#### Supplied records
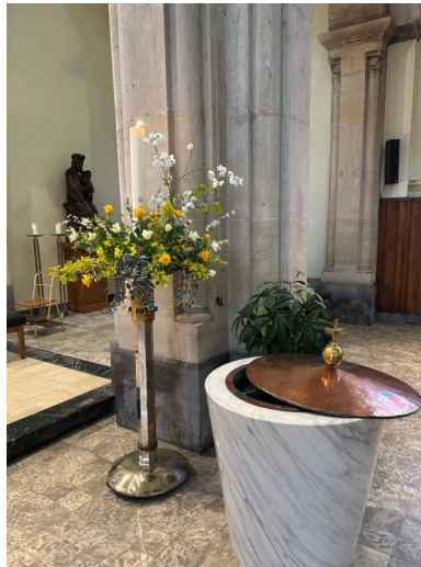
Le Cierge Pascal et les Fonts Baptismaux
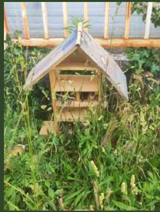
École Les Amandiers B, Carpentras.
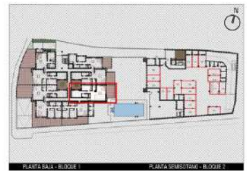
PLANTA BAJA - BLOQUE 1
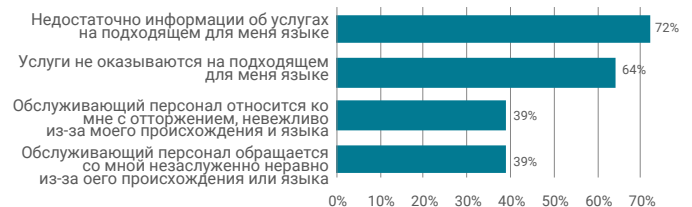
Схема 3. Причины того, почему жители другой национальности недовольны доступом к услугам.

Жители другой национальности недовольны доступностью услуг главным образом по причине языкового барьера.
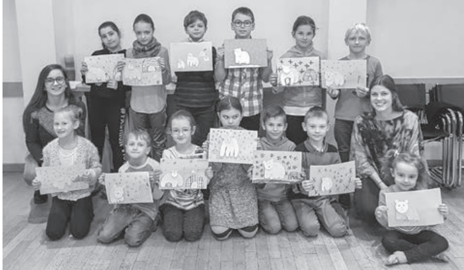
Koniec školského roka v SOVE

Prvá zastávka Modra – hrnčiarstvo a keramika. Nazdávam sa, že asi každý si raz chcel vyskúšať ten otáčací kruh, tú hmotu, tú mokrú
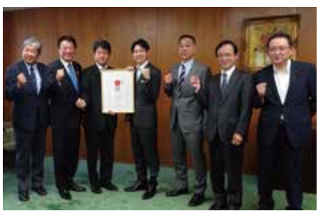
「炭鉄港」日本遺産登録 報告会(5月28日)
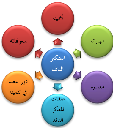
شكل(1) مخطط للبعد التربوي.

يجب التنويه إلى استخدام التفكير الناقد ضمن عملية التدريس، وتحديدًا في المواد التاريخية؛ حتى يسهل على الطالب تحليل الأحداث التاريخية، وتقييمها من وجهة نظرهم؛ لذلك وجب الإشارة أولاً إلى مفهوم التفكير الناقد كما ذكرنا، ومن ثم يمكننا الآن تحديد نقاط أخرى سنتحدث فيها عن التفكير الناقد كما بالشكل التوضيحي التالي:
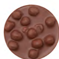
Petite Plaque Noisette Lait
########
Leaving pictures aside, give again word for word each line from the one with "École Les Amandiers B, Carpentras." to the final line of the entries.

École Les Amandiers B, Carpentras.
PLANTA BAJA - BLOQUE 1
Схема 3. Причины того, почему жители другой национальности недовольны доступом к услугам.

Жители другой национальности недовольны доступностью услуг главным образом по причине языкового барьера.
Koniec školského roka v SOVE

Prvá zastávka Modra – hrnčiarstvo a keramika. Nazdávam sa, že asi každý si raz chcel vyskúšať ten otáčací kruh, tú hmotu, tú mokrú
「炭鉄港」日本遺産登録 報告会(5月28日)
شكل(1) مخطط للبعد التربوي.

يجب التنويه إلى استخدام التفكير الناقد ضمن عملية التدريس، وتحديدًا في المواد التاريخية؛ حتى يسهل على الطالب تحليل الأحداث التاريخية، وتقييمها من وجهة نظرهم؛ لذلك وجب الإشارة أولاً إلى مفهوم التفكير الناقد كما ذكرنا، ومن ثم يمكننا الآن تحديد نقاط أخرى سنتحدث فيها عن التفكير الناقد كما بالشكل التوضيحي التالي:
Petite Plaque Noisette Lait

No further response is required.